The stem algorithms available for German in Elasticsearch perform not good. But there are alternatives. Namely Apache Lucene/Solr offers already the GermanStemmer based on the Caumann stemming algorithm. There is the newer Cistem stemmer, too. This stemmer is already available for NLTK. The authors of the Cistem stem algorithm compared the different stem algorithms and it seems the Caumann and Cistem stemmers are the best stem algorithms for German (see the study results). Are there any plans to incorporate these two stemming algorithms into Elasticsearch or will it be the only option to write a custom plugin in order to use one of these German stemmers.

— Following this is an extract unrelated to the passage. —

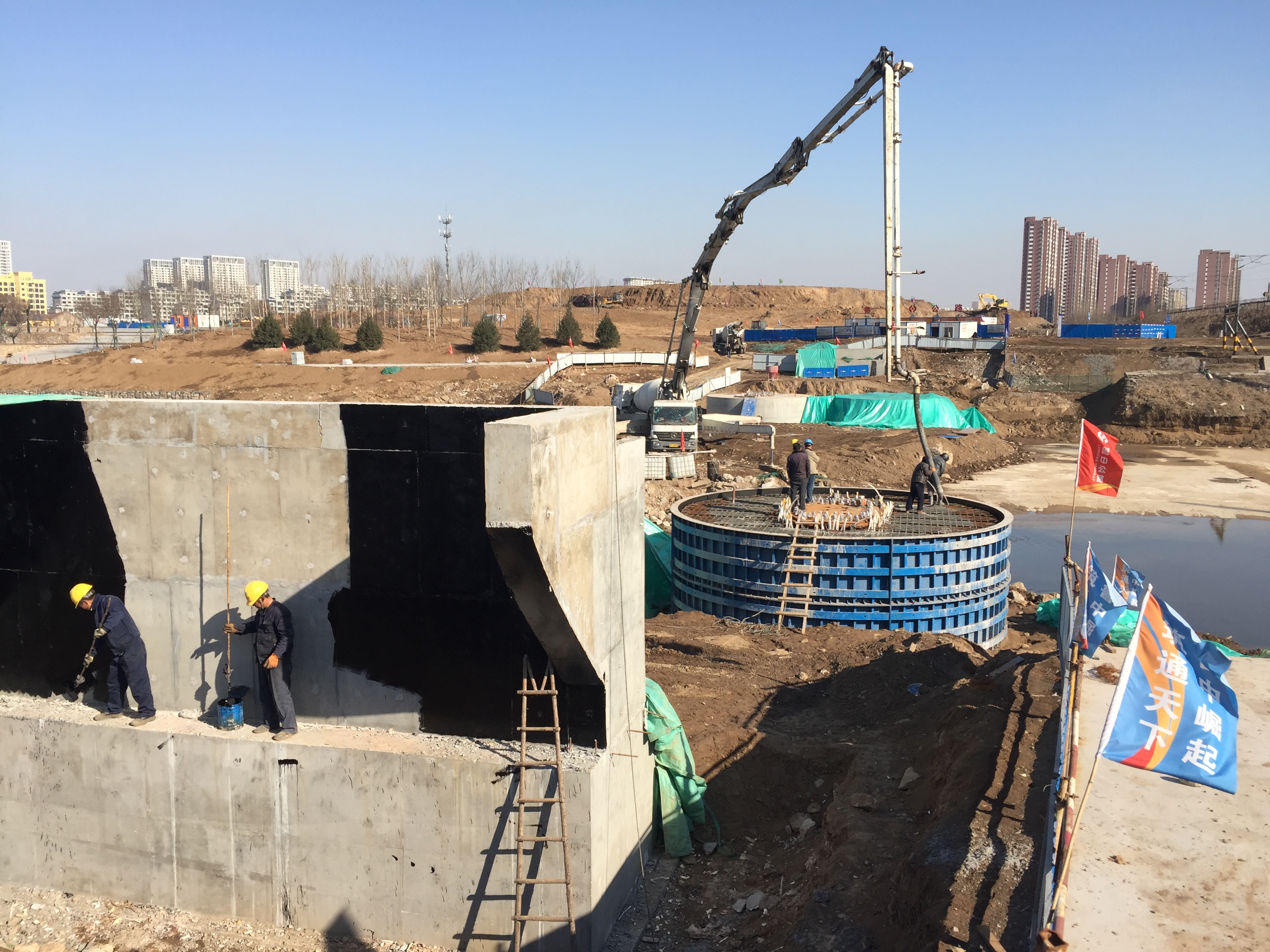 2017年1月14日,久違的藍(lán)天下,我們完成了最后一個圓承臺的澆筑。

The GermanStemmer is available via the german_stem
token filter, as that one uses a GermanStemFilter
, which in turn uses the GermanStemmer
.
For the Cistem stemmer you would need to write your own plugin...
Thanks for the reply.
I couldn't find any information about the GermanStemmer/GermanStemFilter in the elasticsearch documenation.
(Is there any reference to this stem filter in the official documentation?)
I tried the Cistem stemmer via a custum plugin, too.
For example the words Wunsch, Wünsche, gewünscht and wünschen where all reduced to the same stem (wunsch). The Caumann stemmer didn't do that.
But both stemmers seem to have their limitations. So for example Freund and Freunde where stemmed to a different stems than Freundin and Freundinnen.
stemmers for german languages are tricky in general. If those results are not good enough you could always resort to a dictionary based stemmer like the hunspell
one.
We should update the documentation to update the german_stem
. I'm happy to do that, unless you would be willing to submit a pull request.
--Alex
Hi, Alex,
once again thanks for the information.
Another option could be mix stemming with synonyms for words known not to be stemmed appropriately. But that would be a somewhat static way to deal with this problem.
Could you please update the documentation.
While this is a possible workaround, please note that there might be caveats in ranking synonyms slightly differently than stemmed tokens. For example, we currently explore ways to slightly deboost matches on synonym tokens in search. The same might be useful for stemmed vs. non-stemmed tokens, but those two things are semantically different and might be treated differently in scoring in the long run.
btw. this sounds very interesting, which plugin did you use? Is it publicly available? Looks like the library is MIT licensed at least, which is great.
See https://github.com/LeonieWeissweiler/CISTEM/blob/master/Cistem.java (not the plugin, just the java class), I hope that's what you meant?
Ah, okay. Sounded like there's a ready-to-install plugin already, but apparently not.
I wrote my own custom plugin using the stempel and ICU plugins as templates.
That sounds very interesting. I would be interested to try it if you want and are able to share, even if its in a WIP state, as long as I can build it from source. No problem if thats not possible though.
If you are interested in testing the plugin, I will try my best. But it will be next week that I will notify you.
This topic was automatically closed 28 days after the last reply. New replies are no longer allowed.